Did you know that Parliament Hill, where the Canadian government conducts its business, sits on Algonquin land which was never surrendered or ceded?

Same goes for the Supreme Court of Canada, and in fact most of the national capital in Ottawa. There are also other major developments proposed for the Chaudière Island and LeBreton Flats, and these sites have underlying title meaning it is the Algonquins who are the rightful owners of these lands.

Our communities are part of the Algonquin Nation, whose traditional territory includes the entire Ottawa River watershed. Its traditional territory straddles what is now the provincial boundary between Ontario and Quebec. Our First Nations are descended from the Algonquin Bands who traditionally used and occupied the territory where we still live. Our members can trace their ancestry and continued use and occupancy to time immemorial.
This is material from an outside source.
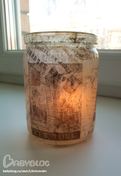 банку отмыла от этикетки и обезжирила спиртом, взяла две разных рисовых бумаги похожих друг на друга по тематике. Из одной получился фон (рвала на крупные куски), из второй вырезала марки с городами. Сначала на ПВА с водой наклеила фон, просушила, зашкурила, затем поверх фона приклеила вырезанные города, еще раз просушила, прошлась шкуркой для гладкости и покрыла банку двумя слоями лака.

The imposition of this boundary has had dramatic impact on our communities, one that continues to today

A bad deal, an unfair process

Starting at the end of this month, a vote will take place on a proposed Agreement-in-Principle by the so-called “Algonquins of Ontario” (AOO). The AOO claim covers about 3.6 million hectares stretching from Algonquin Park east to Hawkesbury, Ontario, including Ottawa, and down into territory near Kingston. If finalized, the deal would see $300 million in capital funding and 47,550 hectares of Ontario Crown land transferred to the AOO.

On their own, those figures might seem significant. But they are a drop in the bucket when you consider the size and importance of the land at stake.

There are a total of 10 groups that make up part of the AOO claim, but only one, Pikwakanagan First Nation, is a recognized band under the Indian Act and a historical community with an “ancestral connection to the territory.” There are huge problems with loose eligibility rules that appear to allow thousands of individuals with little or no connection to the Algonquin Nation to vote on the land claim. This is not about “status” against “non-status” — anyone who knows Kebaowek First Nation and the history of the Kipawa area will understand that. People who have a legitimate connection to the Algonquin nation and are recognized as members of a community are not a problem. The real problem is that there are potentially thousands of individuals who have taken advantage of loose eligibility rules to latch onto this land claim when they have no right. That is the problem.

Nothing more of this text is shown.